Reproduce the lines below exactly. Skip images.

====== Information supplied ======

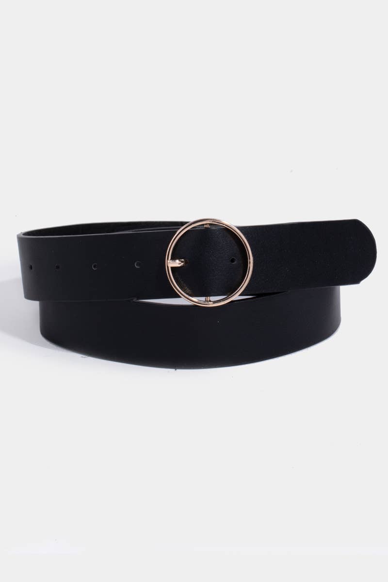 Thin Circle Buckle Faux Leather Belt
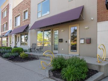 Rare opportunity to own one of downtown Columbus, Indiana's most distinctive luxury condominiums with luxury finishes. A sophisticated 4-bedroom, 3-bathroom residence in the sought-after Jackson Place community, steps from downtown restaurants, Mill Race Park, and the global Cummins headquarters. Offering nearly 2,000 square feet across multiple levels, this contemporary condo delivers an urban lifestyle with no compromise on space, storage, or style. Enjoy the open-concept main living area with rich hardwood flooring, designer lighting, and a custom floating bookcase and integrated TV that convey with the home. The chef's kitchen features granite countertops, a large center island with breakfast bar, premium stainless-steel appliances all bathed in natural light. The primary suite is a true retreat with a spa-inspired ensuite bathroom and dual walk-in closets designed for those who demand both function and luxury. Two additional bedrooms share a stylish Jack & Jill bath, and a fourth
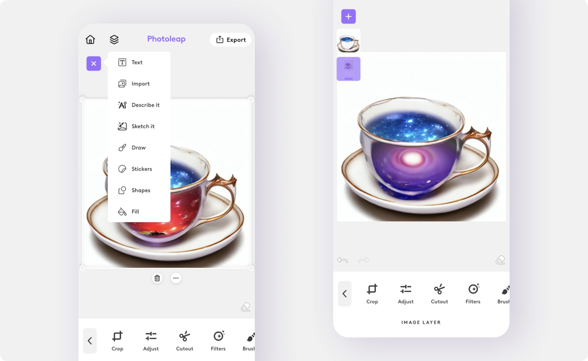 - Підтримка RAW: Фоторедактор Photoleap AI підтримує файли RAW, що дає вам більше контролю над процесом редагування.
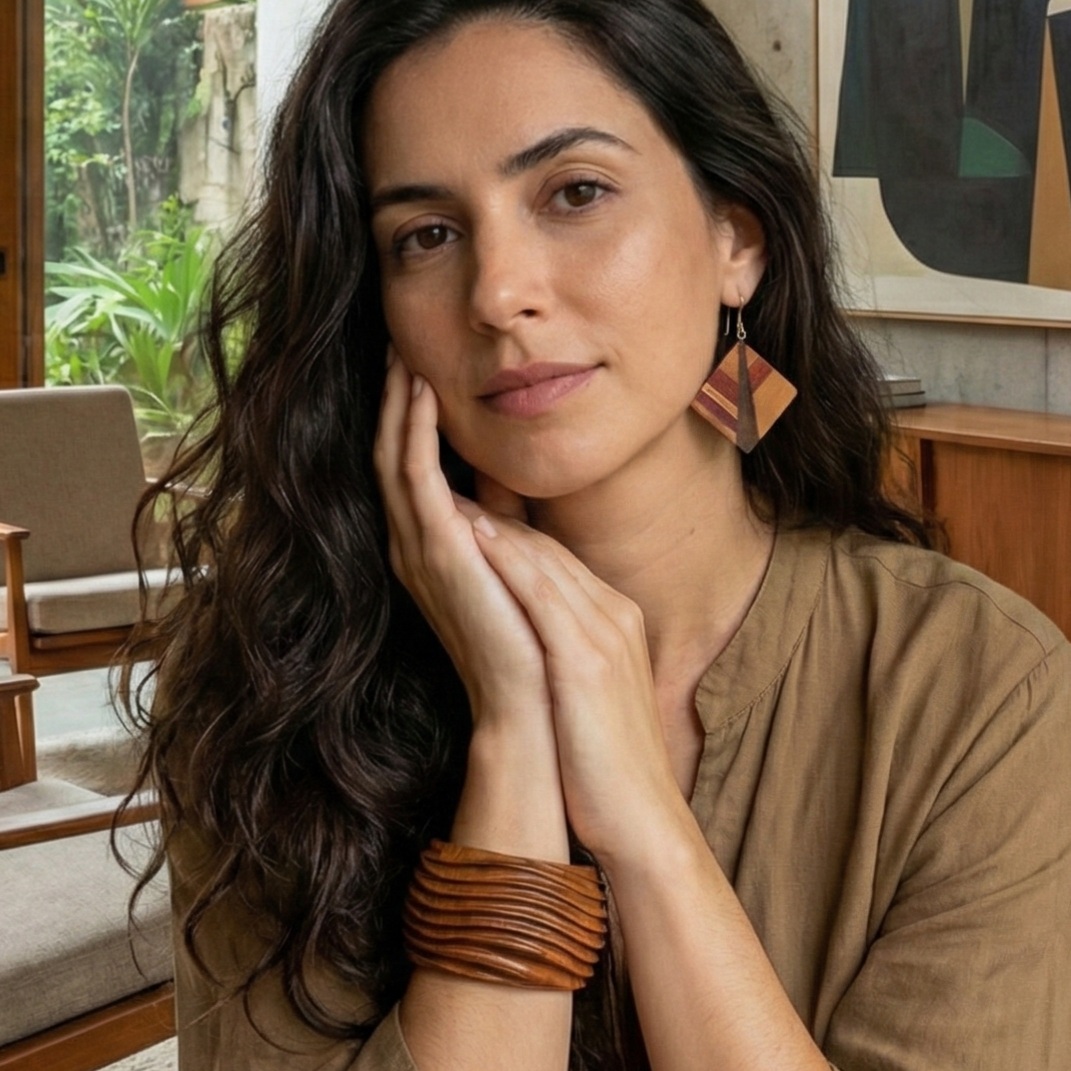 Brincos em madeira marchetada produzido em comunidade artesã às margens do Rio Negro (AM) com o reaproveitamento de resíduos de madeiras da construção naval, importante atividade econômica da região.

======

• _Answer to the exercise_
 Thin Circle Buckle Faux Leather Belt
 Rare opportunity to own one of downtown Columbus, Indiana's most distinctive luxury condominiums with luxury finishes. A sophisticated 4-bedroom, 3-bathroom residence in the sought-after Jackson Place community, steps from downtown restaurants, Mill Race Park, and the global Cummins headquarters. Offering nearly 2,000 square feet across multiple levels, this contemporary condo delivers an urban lifestyle with no compromise on space, storage, or style. Enjoy the open-concept main living area with rich hardwood flooring, designer lighting, and a custom floating bookcase and integrated TV that convey with the home. The chef's kitchen features granite countertops, a large center island with breakfast bar, premium stainless-steel appliances all bathed in natural light. The primary suite is a true retreat with a spa-inspired ensuite bathroom and dual walk-in closets designed for those who demand both function and luxury. Two additional bedrooms share a stylish Jack & Jill bath, and a fourth
 - Підтримка RAW: Фоторедактор Photoleap AI підтримує файли RAW, що дає вам більше контролю над процесом редагування.
 Brincos em madeira marchetada produzido em comunidade artesã às margens do Rio Negro (AM) com o reaproveitamento de resíduos de madeiras da construção naval, importante atividade econômica da região.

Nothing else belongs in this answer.